«1312 raisons d’abolir la police»: bye bye la police!
La diffusion, le 7 janvier dernier, des vidéos de l’interpellation fatale à Memphis de Tyre Nichols, un Afro-Américain de 29 ans, n’a pas seulement semé toute une commotion. Elle a aussi remis à l’avant-plan les violences policières, et ce, près de trois ans après la mort de George Floyd, étouffé pendant neuf minutes sous le genou du policier Derek Chauvin. Autant d’événements ultramédiatisés qui s’ajoutent à une série de bavures plus discrètes, mais faisant régulièrement resurgir la question de plus en plus récurrente de l’abolition pure et simple de la police aux États-Unis, mais aussi ailleurs en Occident.
Cette question d’en finir avec les forces de l’ordre, l’ouvrage collectif 1312 raisons d’abolir la police la prend à bras-le-corps en s’interrogeant, entre autres, sur le véritable rôle de l’institution qui souffre aujourd’hui de nombreux maux. Dirigé par la militante française Gwenola Ricordeau, professeure de criminologie à l’Université d’État de Californie à Chico, l’essai brosse un portrait du mouvement pour l’abolition de la police, une « position politique » qui prend davantage de visibilité dans le débat public depuis le mouvement Black Lives Matter, ne se cantonnant plus aux marges des théories de gauche jugées extrêmes.
Gwenola Ricordeau ne se gêne d’ailleurs pas pour exprimer son aversion de la police. Les chiffres « 1312 » du titre correspondent à la traduction numérique de l’acronyme ACAB — All Cops Are Bastards (« tous les flics sont des bâtards ») —, slogan de la rue contestataire qui connaît en ce moment une grande popularité. « Dans une société capitaliste, raciste et patriarcale, choisir le camp des opprimés, des exploités et des tyrannisés, c’est compter la police parmi ses ennemis », écrit Ricordeau dès la première page de l’ouvrage, avant d’exposer les raisons de cette détestation, la principale visant le rôle intrinsèque de la police, qui est selon elle de maintenir des formes d’inégalités, qu’elles soient raciales, sociales ou même sexuelles.
Celle qui est déjà l’autrice d’un livre sur le féminisme abolitionniste, Pour elles toutes.
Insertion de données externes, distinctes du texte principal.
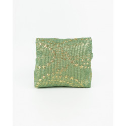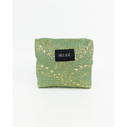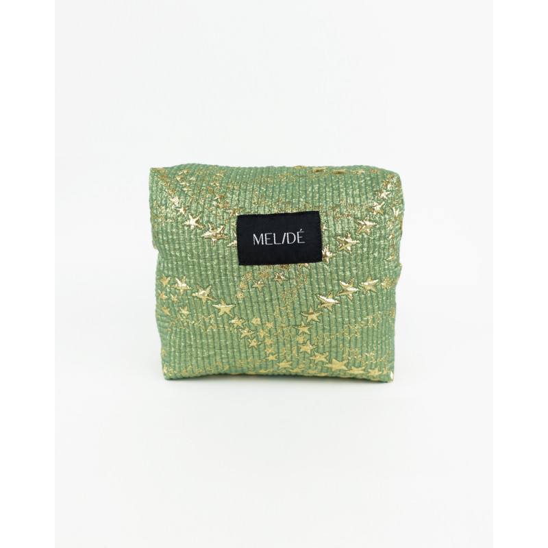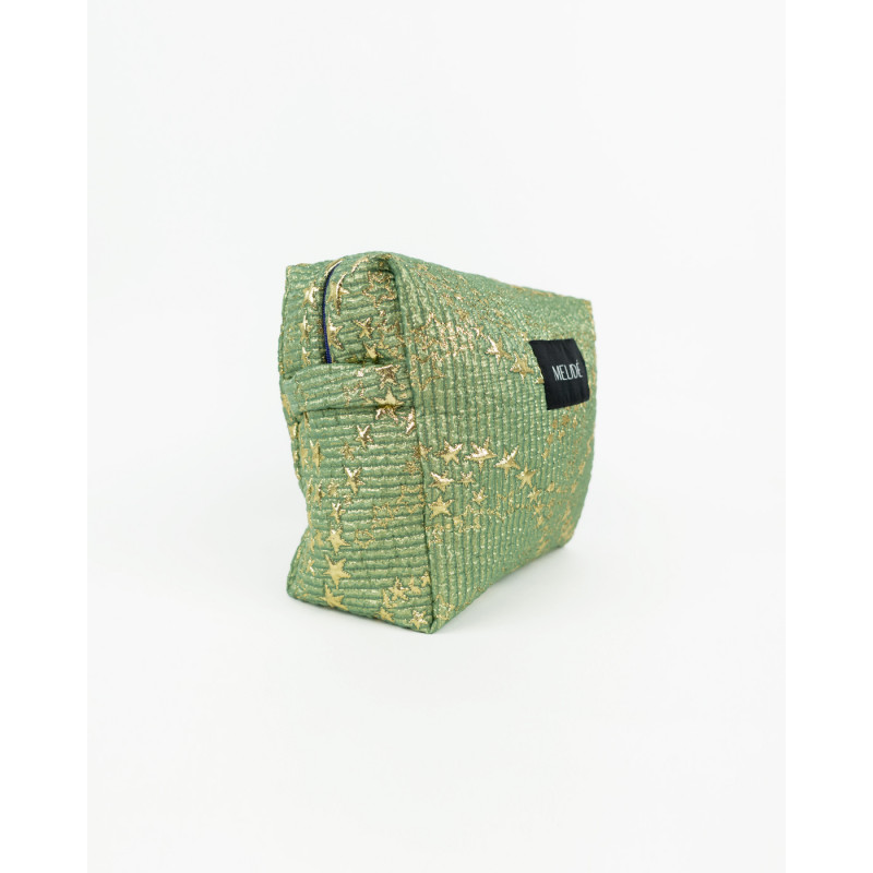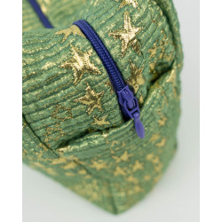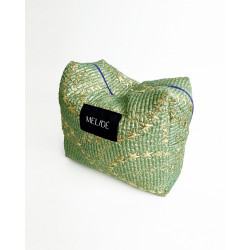 Beauty-case sartoriale in tessuto deadstock con dettagli metallizzati. Cerniera viola.

Femmes contre la prison (Lux, 2019), présente une flopée de textes de contributeurs abolitionnistes aux parcours variés (sociologues, militants, travailleuses du sexe, enseignants ou experts) qui ne voient pas la punition comme une solution. Ils analysent au contraire les imbrications complexes entre la police et les institutions qu’ils estiment répressives.
Bien que certains pourraient reprocher la radicalité des propos, la proposition concise par la forme a le mérite d’aller au fond de la réflexion. L’ensemble se présente en trois grandes parties : rompre avec le réformisme, construire l’abolition et enfin lutter contre la police. Comme l’évoque le militant et professeur Dylan Rodriguez dans son texte, la police n’aurait plus pour objectif d’assurer la sécurité des citoyens, mais ne serait au fond que le bras armé de l’État en maintenant l’ordre raciste, patriarcal, capitaliste. La réformer serait donc inutile puisque cela ne modifierait pas sa nature et sa fonction, souligne-t-il. Une idée partagée par le Canadien Kevin Walby, professeur de justice criminelle à l’Université de Winnipeg, qui appelle dans les pages de l’ouvrage à définancer complètement la police au Canada en réinvestissant l’argent dans l’éducation, les logements sociaux et la santé mentale.
Ismaël Houdassine, Le Devoir, 11 février 2023.